Considering the failure of the AI business, one would be encouraged to reject, laugh even, at the idea of a robot scientist. But another argument has arisen from the failure of traditional AI. Andy Clark has argued that the kind of cognitive perceptual processes that we are describing may actually happen more in the world as the operations of an extended cognitive apparatus. This is, in part, a deliberate application of Merleau-Ponty to AI. But it's side effect could be to undermine some of the humanism of Merleau-Ponty. The extended cognition thesis could demonstrate that processes such as the scientific imagination are actually much less human than we commonly think.
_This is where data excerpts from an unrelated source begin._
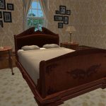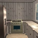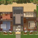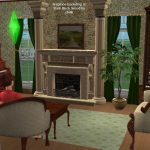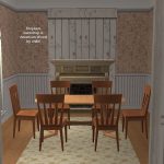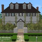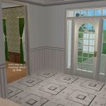 Today I present an American colonial style house with 3 bedrooms, 2.5 baths, formal dining room off the kitchen, lounge with fireplace, and amazing floors and walls by American designer chilili, which make the house look light, spacious, and whimsical. Your sims will enjoy the outdoors on the shady back patio, perfect for barbecues, jacuzzi, or chess. A pool won’t work unfortunately since almost the whole lot is a foundation. The shell paved driveway may be able to be functional with move_objects on, but the builders can’t guarantee it. A young couple, aptly named the Jeffersons, have just moved in to a model like this and were seemingly disappointed in the smoke alarm even though it’s the same in all sim houses. Hopefully you will have Sims who will be pleased with the smoke alarm. As for the rest of the house, it had high marks in environment.
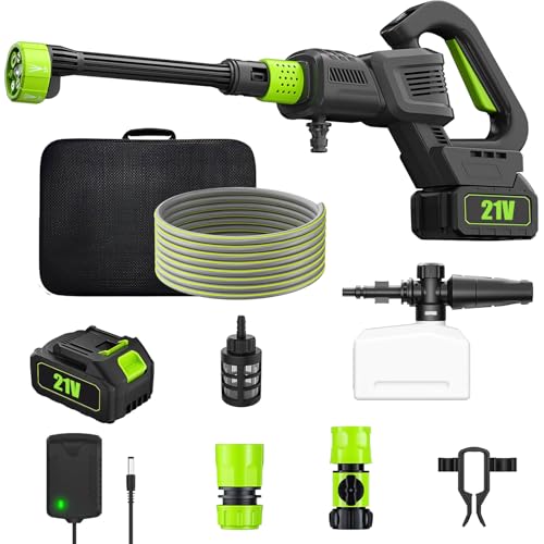 Nettoyeur Haute Pression sans Fil 980PSI Portable sur Batterie, Pistolet Hydrojet avec 6-in-1 Buse, 5M Tuyau, Pot en Mousse, Nettoyeur Électrique pour Voiture Jardin Terrasse (B - 2 Batterie)
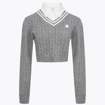 ANN ANDELMAN 2503 假两件翻领长袖毛衣 灰
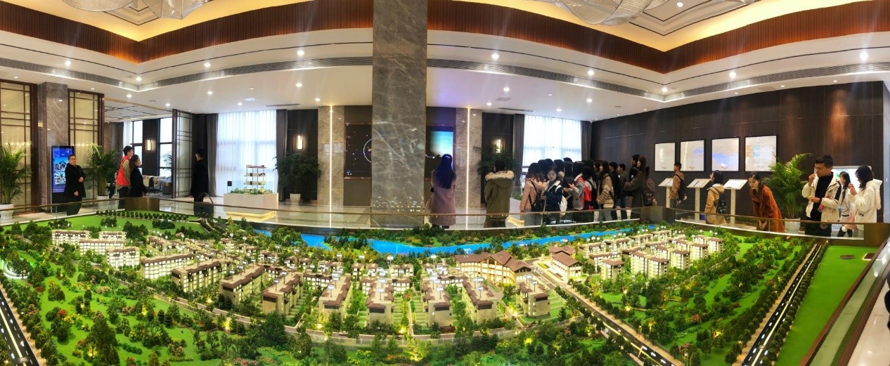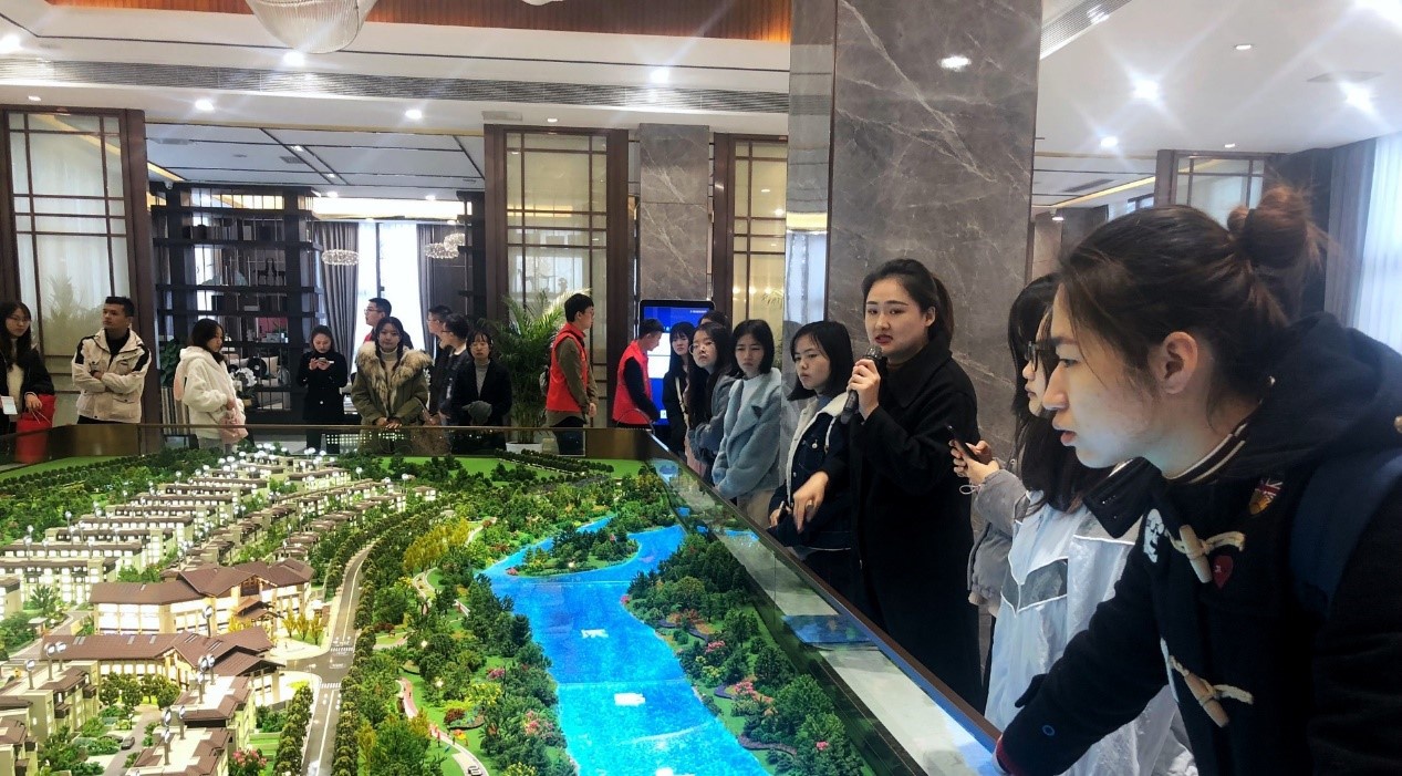 第二部分为参观项目售楼部,从营销方面了解房地产项目管理知识。售楼部负责人从牧山溪岸项目基本情况、周边配套设施、市场营销等方面对项目进行了详细介绍,并对同学们的问题进行了一一解答。

But we should still be cautious in calling this an anti-humanist position, suggesting an anti-humanist conception of science. Clark seems to believe in an inelliminable human element driving from some super-subjective level. To see an example of that refrain abandoned, we could turn to a more extreme position: Deleuze and Guattari. In a similar way, D&G see perception and thought as being the property of rhizomes (networks) of machines (processors). The networks and processors of human and scientific thought are multivarious, distributed and in most cases inhuman. Or rather, humans are in fact spread out across these assemblages which include social and economic organisations that control us more than we control them. This is a genuinely anti-humanist position.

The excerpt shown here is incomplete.